The constitutional, political, and legal structure of Sri Lanka is based on representative democracy and the separation of powers. Sri Lanka’s second Republican Constitution was promulgated in 1978.

The present Constitution provides for three tiers of government. Apart from the central government, the Thirteenth Amendment of the Constitution established Provincial Councils, which exercise executive and legislative power over a limited number of subjects, including health. Local authorities including municipal councils, urban councils and pradeshiya sabhas constitute the third tier of government.

Sri Lanka’s initial response to Covid-19 was to encourage people to work from home. The government declared a public holiday on 16 March 2020, and then extended the holiday period until 27 March 2020.

The government also relied on a series of regulations under the Quarantine and Prevention of Diseases Ordinance of 1897 to introduce various measures to mitigate the spread of the virus. The Director General of Health Service was declared the proper authority with respect to the whole of Sri Lanka.

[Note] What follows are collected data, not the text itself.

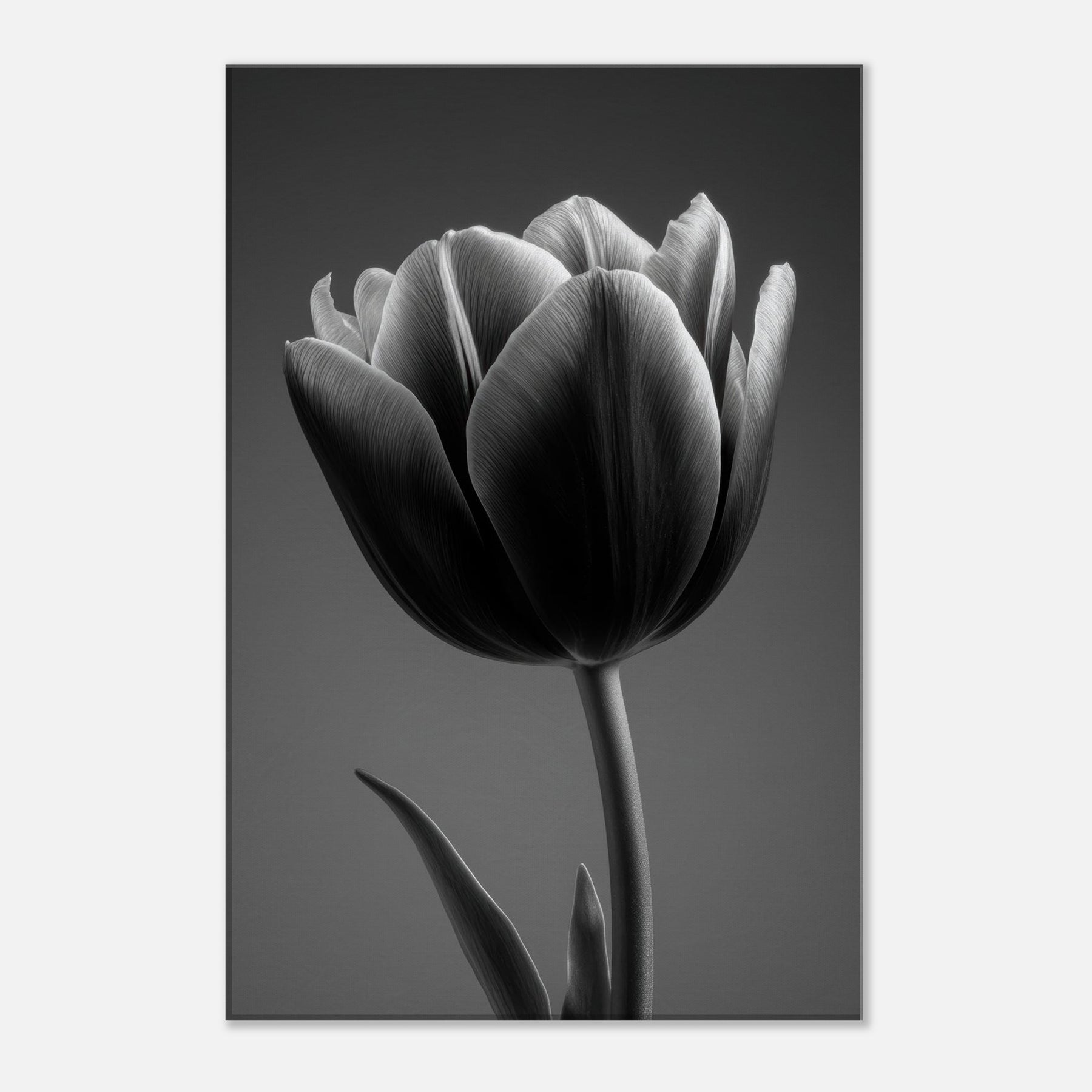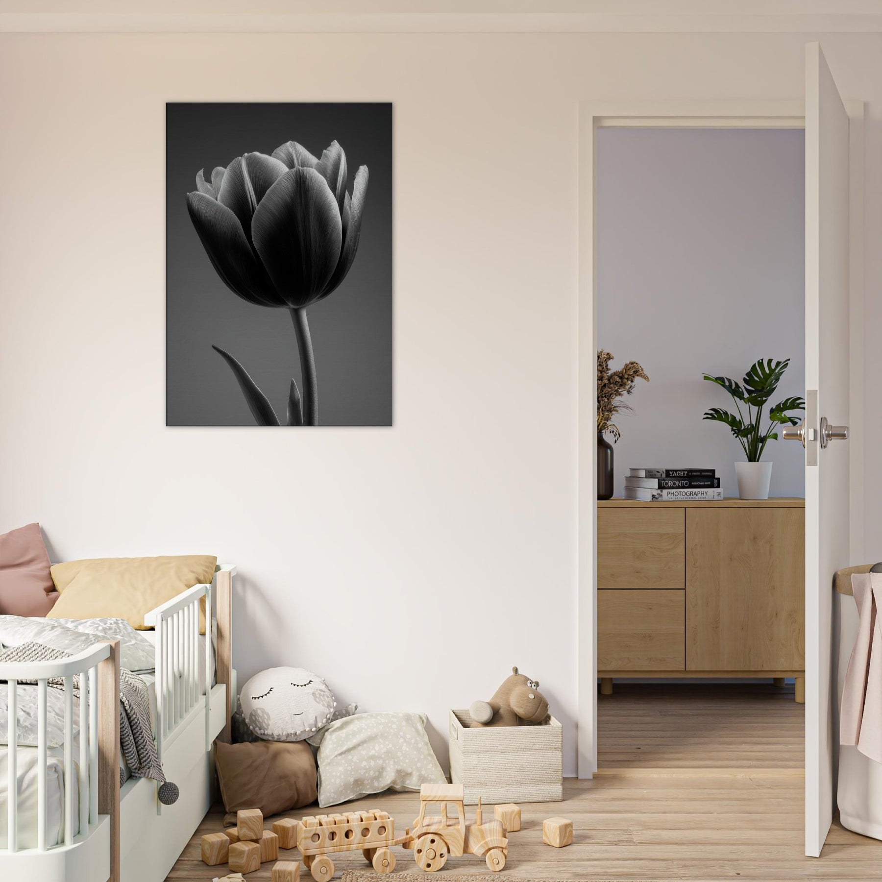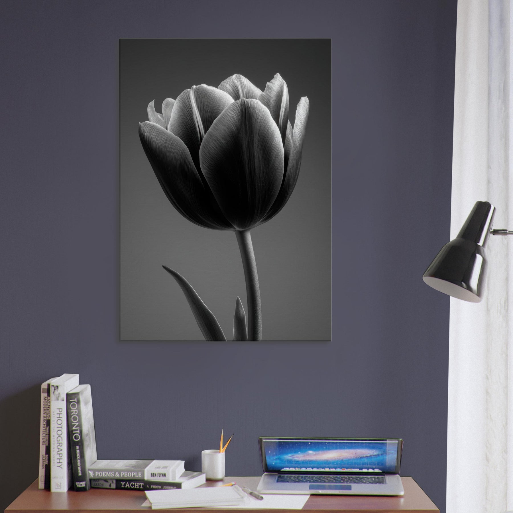 Softly lit and enduring, this Black and White Tulip radiates quiet grace. The petals unfold with restrained precision, revealing subtle veins and a tactile rhythm that invites a closer look. In monochrome, light and shadow become the bloom’s music, creating a serene focal point that calms a room while adding depth. Perfect for a living room or study, it offers nature’s elegance in a sculptural, timeless frame.
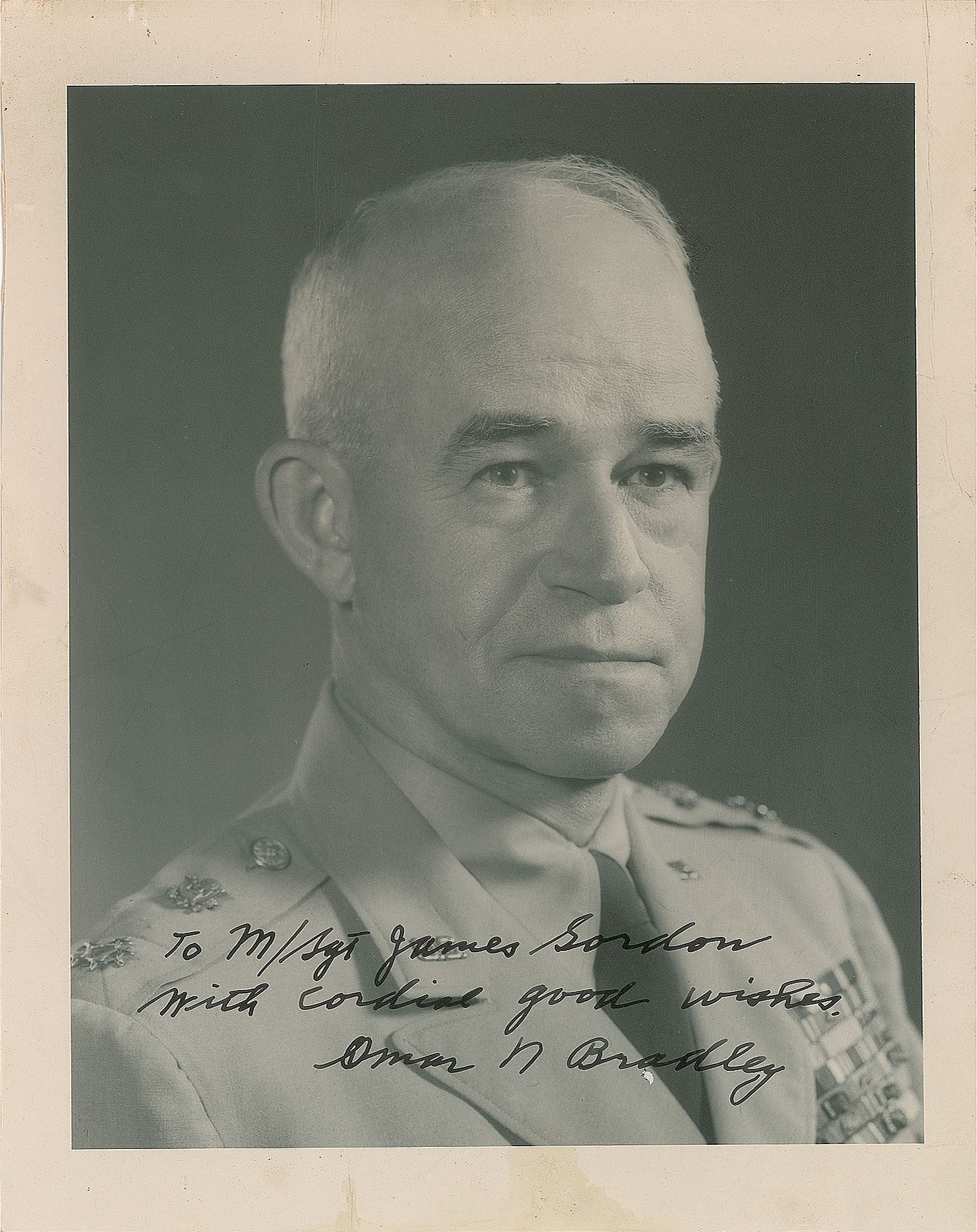Matte-finish 8.5 x 11 photo of the decorated general, boldly signed and inscribed in fountain pen, "To M/Sgt. James Gordon, with cordial good wishes, Omar N. Bradley.” In very good to fine condition, with trimmed edges, soiling in the bottom border, and some vertical creases, one of which touches the side of Bradley's head.
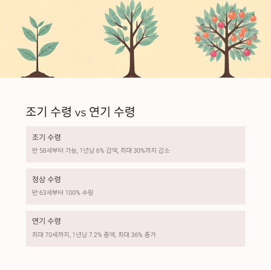 • 만 58세부터 수령 가능하지만, 1년 앞당길 때마다 6% 감액, 최대 30%까지 줄어듭니다.
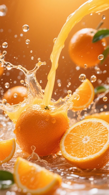 简约主义风格,橙汁与冰块碰撞,清新爽口,夏日清凉感十足。
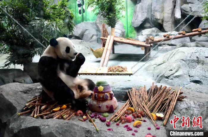 9月12日,来自成都大熊猫繁育研究基地的4只大熊猫,“小雅”“成对”“雅二”“思一”,正式落户位于山东德州的泉城欧乐堡动物王国。这4只大熊猫,最大的8岁,最小的5岁,均为雄性。当天,园区工作人员还为8岁的大熊猫“成对”举办了在“新家”的第一次生日会。
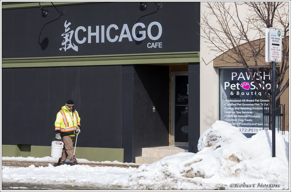 This gentleman had a pleasant job ambling around in the sunshine picking up bits of litter exposed by the slowly receding snow. We had a pleasant chat about photography after I made this photograph.

At a sub-national level, the mayor or chairpersons of municipal councils, urban councils, and pradeshiya sabhas were named the proper authorities to adopt appropriate measures.

The government’s response to the outbreak included restrictions on movement, isolation and quarantine, testing and tracing, use of Personal Protective Equipment (PPE) and facemasks, and the closures of premises.

In early October 2020, a second Covid-19 wave hit Sri Lanka, and parts of the country were once again placed under ‘curfew’. The government issued new regulations under the Quarantine Ordinance on 15 October 2020. By early January 2021, most restrictions on movement were lifted despite the continued spread of the virus.

According to Amaratunga et al, there were several weaknesses in the measures adopted by the government to deal with the virus. There was a serious shortage in PPE, and a shortage of trained health care providers to cope with the demand for testing and caregiving. Moreover, the unavailability of updated population registers at the local level reduced the efficacy of the response.